Decision Date29 March 2002
Docket NumberNo. 1-00-0950.,1-00-0950.
Citation263 Ill.Dec. 477,329 Ill. App.3d 127,768 N.E.2d 237
PartiesThe PEOPLE of the State of Illinois, Plaintiff-Appellee, v. Alexander CHAMP, Defendant-Appellant.
CourtUnited States Appellate Court of Illinois

Rita A. Fry, Cook County Public Defender, Chicago (Ronald P. Alwin, of counsel), for Appellant.

Richard A. Devine, Cook County State's Attorney, Chicago (Renee Goldfarb, Mary L. Boland and Shannon B. Rigby, of counsel), for Appellee.
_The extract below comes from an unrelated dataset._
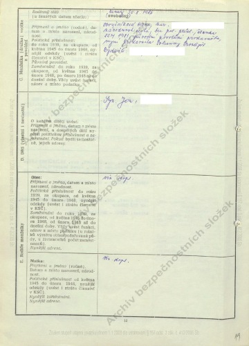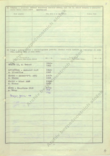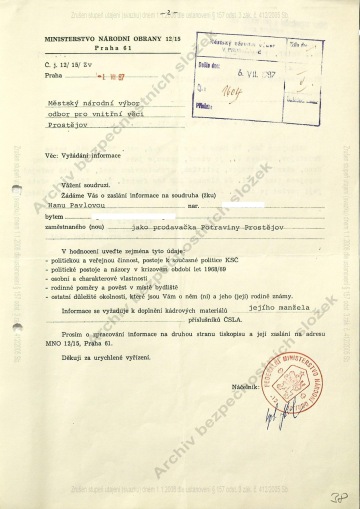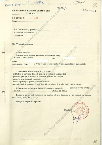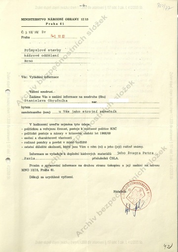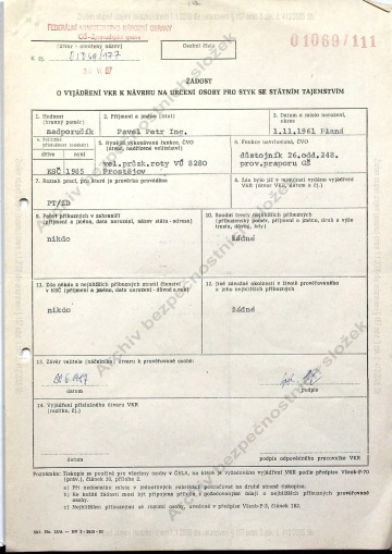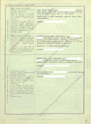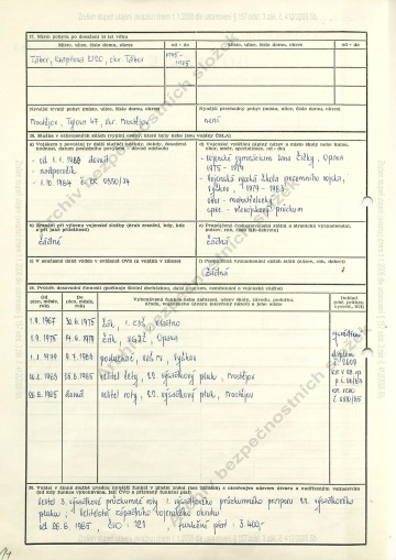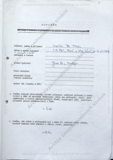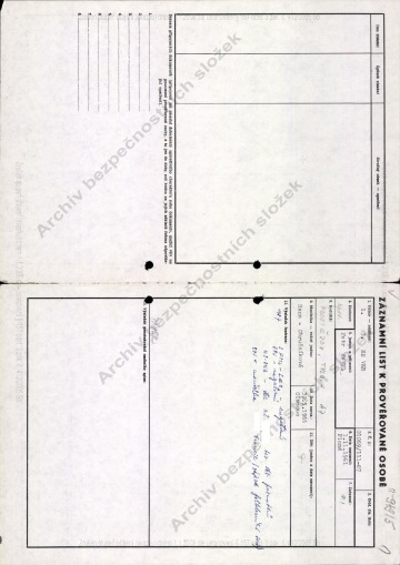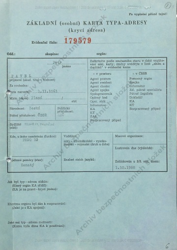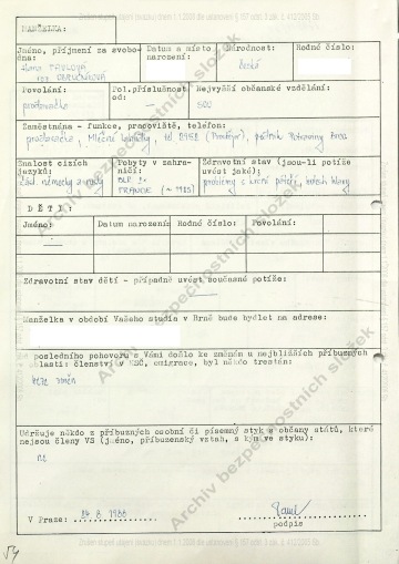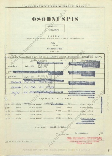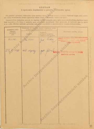 Personální dokumentace uložená v Archivu bezpečnostních složek

Justice FROSSARD delivered the opinion of the court:

Defendant Alexander Champ was charged with first degree murder and, following a jury trial, was convicted of involuntary manslaughter and sentenced to five years in prison. Defendant does not contest his conviction for involuntary manslaughter. The sole issue raised by defendant in this appeal is whether he should have been sentenced as a juvenile under the Juvenile Court Act of 1987 (Act) (705 ILCS 405/1-1 et seq. (West 1996)) rather than as an adult under the Unified Code of Corrections (Code) (730 ILCS 5/5-1-1 et seq. (West 1996)).
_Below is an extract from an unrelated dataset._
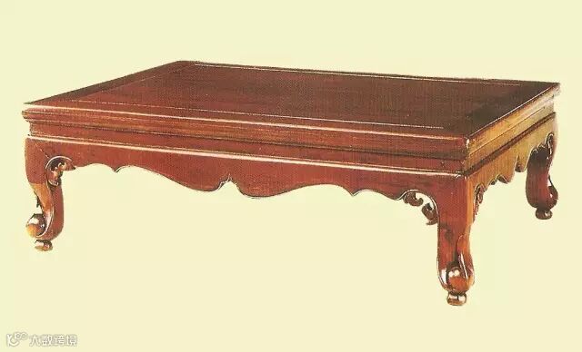 边抹颇厚,起拦水线。束腰较高,但四足上截不露明。牙条锼(sōu,用钢丝锯挖刻木头)出壶门轮廓,三弯腿。其不寻常处在于三弯腿的足端圆球又翻出花叶。每面壶门轮廓转弯处,锼出两叶,一在牙条,一在腿足,仿佛两卷相抵。但在腿足上的一卷确是一木连做,大大耗费了腿足的用料。正因如此,这一做法十分罕见。

As the result of a shooting that occurred on February 1, 1997, the grand jury returned an indictment charging defendant with first degree murder in that "he without justification shot and killed Michael Hall." The State and defendant stipulated that defendant was 16 years old at the time of the alleged murder. Following trial, the jury returned a verdict finding defendant guilty of involuntary manslaughter. Before the sentencing hearing, the State did not request, and the trial court did not conduct, a hearing for the purpose of determining whether defendant should be sentenced as an adult under the criminal laws of the State. No agreement was made as to sentence. At the sentencing hearing, the trial court sentenced defendant as an adult under the Code to five years in the Illinois Department of Corrections. After the trial court imposed the sentence, defendant pleaded guilty to first degree murder in a separate, unrelated case and was sentenced to 50 years in prison to run consecutively to the 5-year sentence imposed in this case for involuntary manslaughter. Defendant does not challenge the 50-year sentence in this appeal, but only challenges whether he should have been sentenced as an adult on his conviction for involuntary manslaughter.
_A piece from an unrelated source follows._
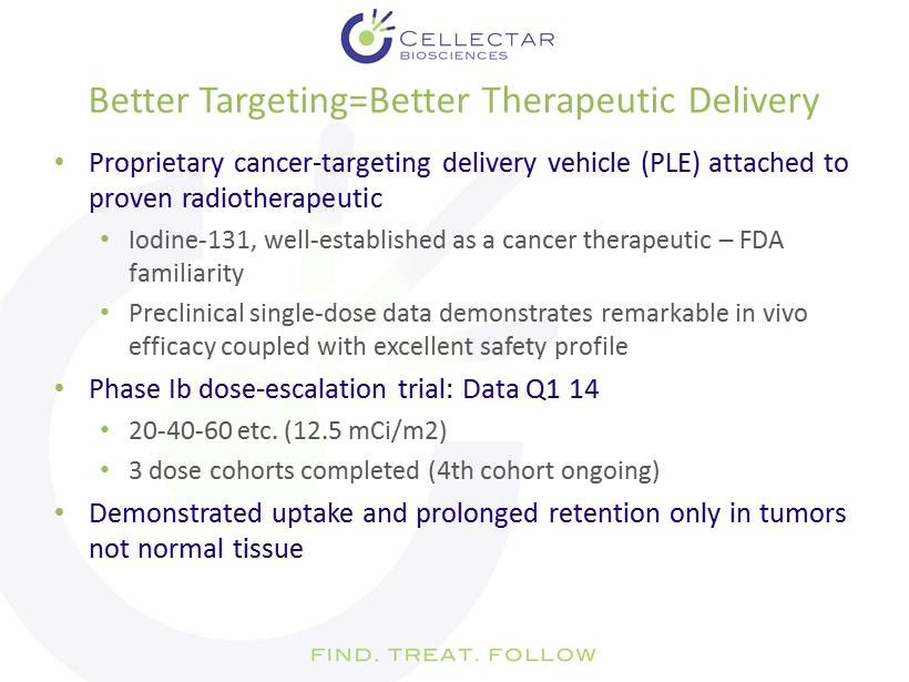 Better Targeting=Better Therapeutic Delivery • Proprietary cancer - targeting delivery vehicle (PLE) attached to proven radiotherapeutic • Iodine - 131, well - established as a cancer therapeutic – FDA familiarity • Preclinical single - dose data demonstrates remarkable in vivo efficacy coupled with excellent safety profile • Phase Ib dose - escalation trial: Data Q1 14 • 20 - 40 - 60 etc. (12.5 mCi/m2) • 3 dose cohorts completed (4th cohort ongoing) • Demonstrated uptake and prolonged retention only in tumors not normal tissue

Defendant subsequently filed a motion to reconsider his five-year sentence which did not raise the issue presented in this appeal. The trial court summarily denied the motion. Defendant contends on appeal that the trial court did not comply with a specific provision of the Act which required the trial court to sentence him as a juvenile and that the sentence was therefore void.

The State contends that defendant's failure to raise this issue in a written post-sentencing motion waived his right to raise it on appeal. It is well settled, however, that a sentence which does not conform to a statutory requirement is void (People v. Arna, 168 Ill.2d 107, 113, 212 Ill.Dec. 963, 658 N.E.2d 445 (1995)), and that a void sentence may be attacked at any time. People v. Brazee, 316 Ill.App.3d 1230, 1234, 250 Ill.Dec. 430, 738 N.E.2d 646 (2000) (defendant's failure to argue in post-sentencing motion that trial court lacked statutory authority to sentence him as an adult did not waive his right to raise it on appeal). Accordingly, we find that defendant has not waived his claim that he should have been sentenced as a juvenile. We review defendant's appeal de novo because our resolution of it requires us to interpret statutory provisions of the Act. People v. Lewis, 325 Ill.App.3d 435, 436-37, 259 Ill.Dec. 315, 758 N.E.2d 438 (2001).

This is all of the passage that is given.